In the United States, successfully transitioning to a clean energy future is not without its challenges. It is dependent on interworking regulations and policies at every level, from federal and state governments to ISOs and RTOs. In November 2019, the U.S. government began to formally withdraw from the Paris Climate Agreement (the only participant nation to do so), a process that will be complete by the end of 2020. Without a federal mandate to reduce greenhouse gas emissions, and decreased federal incentives for solar and wind projects, states become responsible for setting their own clean energy and emissions reduction policies.
Standards Across the United States
Twenty-nine states currently have some form of renewable portfolio standard (RPS). While many states, such as New York and California have set increased requirements over time, some states are rolling back standards.
In New York, renewable energy targets have increased since the passage of the Climate Leadership Community Protection Act (CLCPA) in 2019, which mandates that 70% of the state’s energy needs are met by renewable resources by 2030 and 100% emissions-free resources by 2040. Additionally, the CLCPA sets specific targets for offshore wind, solar, and energy storage. California has an RPS requiring 60% clean energy by 2030 and 100% clean energy by 2045.
West Virginia and Ohio have taken a different approach. In 2015, West Virginia became the first state to repeal its RPS (which technically could have been met through fossil fuel technologies). In 2019, Ohio’s legislature passed a bill that will eliminate the state’s 12.5% RPS by 2027 while simultaneously imposing monthly charges on utility customer bills to support struggling nuclear and coal power plants.
How Regulations and Policies Could Slow the Clean Energy Transition
Leaving the Paris Agreement
When the withdrawal process is complete later this year, the U.S. will be the only nation to have left the Paris Agreement. Analysis by Climate Action Tracker, an independent research group, showed that the global pledged reductions were not significant enough to avoid more than 2 degrees Fahrenheit warming. This will now be made more challenging as the U.S., which had pledged to reduce emissions by around 25% by 2025 (compared to 2005 levels), leaves. This was the first step in a series of energy and environmental policy rollbacks by the current administration, a number of which make it easier for facilities to avoid emissions regulations.
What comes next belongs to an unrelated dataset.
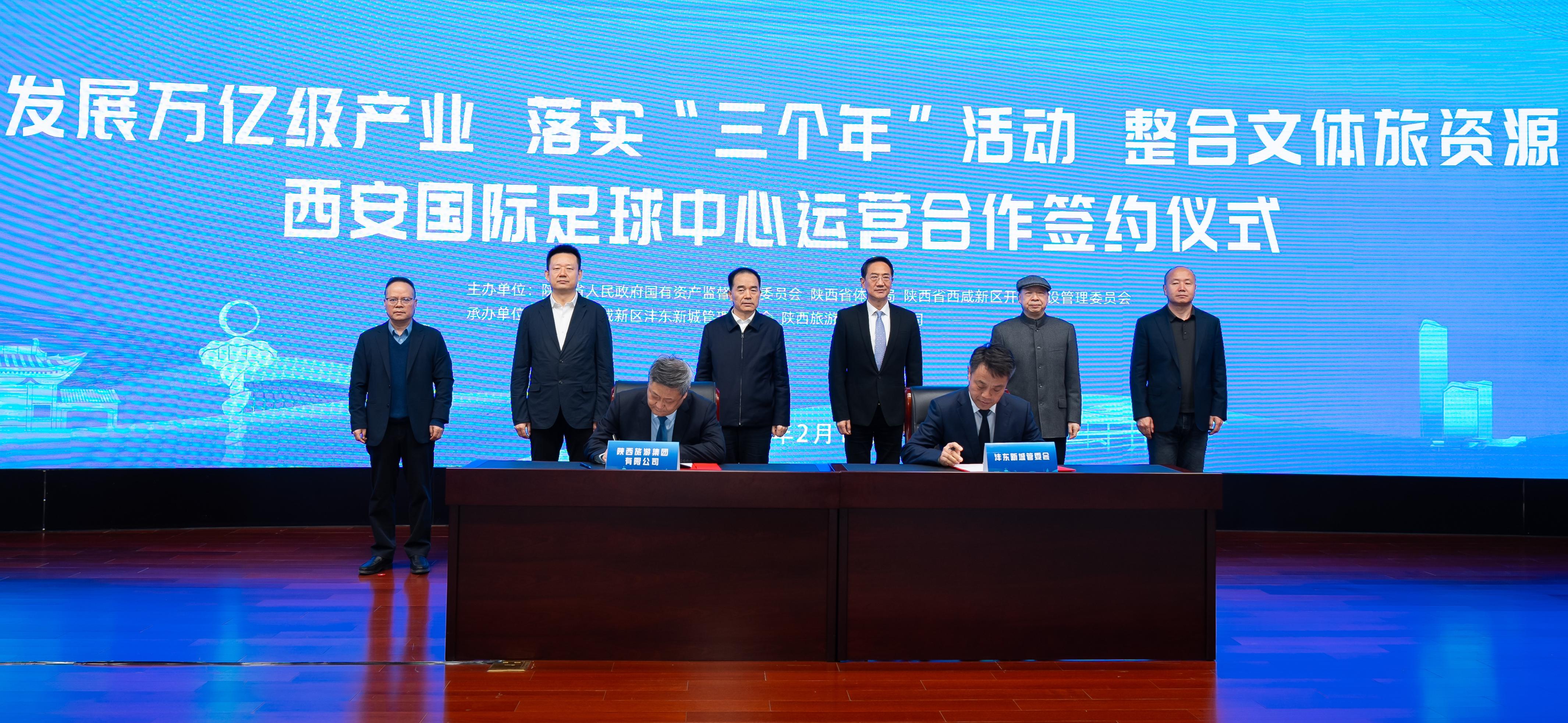 今天上午,發展萬億級產業 落實“三個年”活動 整合文體旅資源 西安國際足球中心運營合作簽約儀式在陜西省國資委隆重舉行。省國資委黨委書記任國,西咸新區黨工委書記楊仁華,黨工委副書記、主任齊海兵,陜旅集團黨委書記、董事長周冰,西咸新區黨工委委員、灃東新城黨委書記、管委會主任劉宇斌,中國虹橋集團董事長李大燦,陜西省足球協會副主席、秘書長許志勇,陜旅集團黨委委員、副總經理賀東,副總經理吳斌等出席儀式。陜旅集團黨委副書記、總經理陳小軍主持儀式。

ISO Capacity Market Design
Recent FERC orders in NYISO and PJM that hinder the participation of storage and renewables in capacity markets suggest that there is still work to be done in determining how to appropriately value these resources. As they currently stand, the NYISO and PJM capacity markets both, albeit through slightly different mechanisms, essentially require state-subsidized new resources to bid into their respective capacity markets at higher prices than can clear, while fossil fuel plants’ bids will clear and replace renewable resources that may have otherwise cleared.
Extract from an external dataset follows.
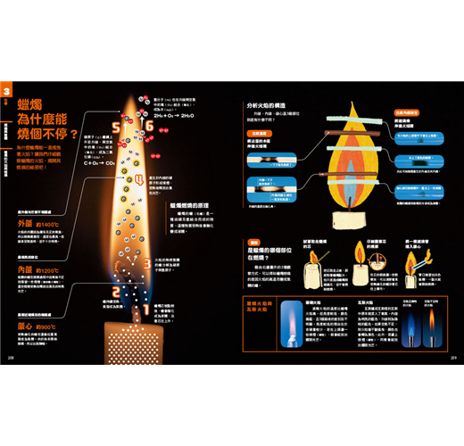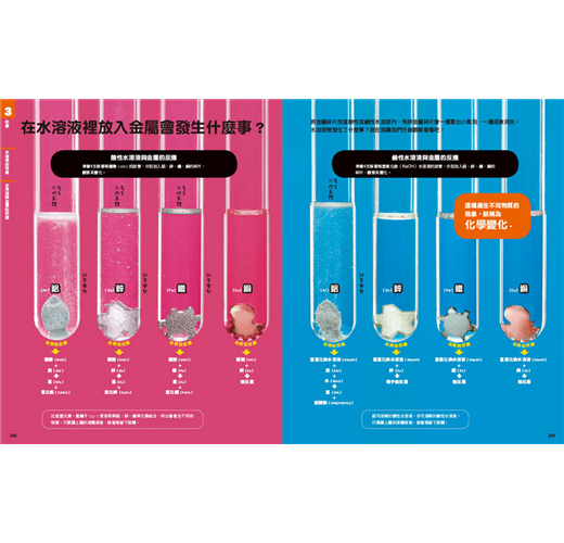 .《NEW全彩圖解觀念化學》大量使用真實圖片,讓我們可以看到反應實際的樣子,像是不同金屬的焰色;此外,在許多地方都輔以視覺化的圖像,無論是蠟燭火焰的粒子模樣、溶解時粒子的情況等,這對於理解微觀的化學世界非常的有幫助。

The importance of appropriate valuation and market design is highlighted by states like New Jersey and Illinois considering alternatives to the PJM capacity market over concern that its Minimum Offer Price Rule will keep states from meeting clean energy goals. New Jersey targets 100% carbon-free energy by 2050, and pending legislation in Illinois targets 100% renewable energy by 2050. A redesign of certain elements of capacity markets may need to take place for ISOs’ markets and states’ policies to work in tandem and help facilitate a clean energy transition at the lowest cost to consumers.
Phasedown of the ITC and PTC
In December 2019, the federal government made changes to the Production Tax Credit (PTC) and Investment Tax Credit (ITC) used by wind and solar project developers. The PTC, most commonly used for wind projects, was set to completely expire at the start of 2020 after being phased down from 2016-2019. It was given a one-year extension through 2020 at a slighter higher rate than it was set to expire (60%). The ITC, most frequently used for solar projects, was not given the extension the solar community was hoping for and is set to phase down to 10% by 2022. While the economics of renewable projects are becoming increasingly competitive, these tax credits have been a boon to the growth of solar and wind industries in lieu of an official national strategy for a clean energy transition.
While a lack of federal policy may not keep states from reaching their own renewable energy targets one way or another, it does keep the country from the large-scale clean energy transition that will be required to reduce emissions and help the rest of the world limit global warming to the 2 degrees Fahrenheit target.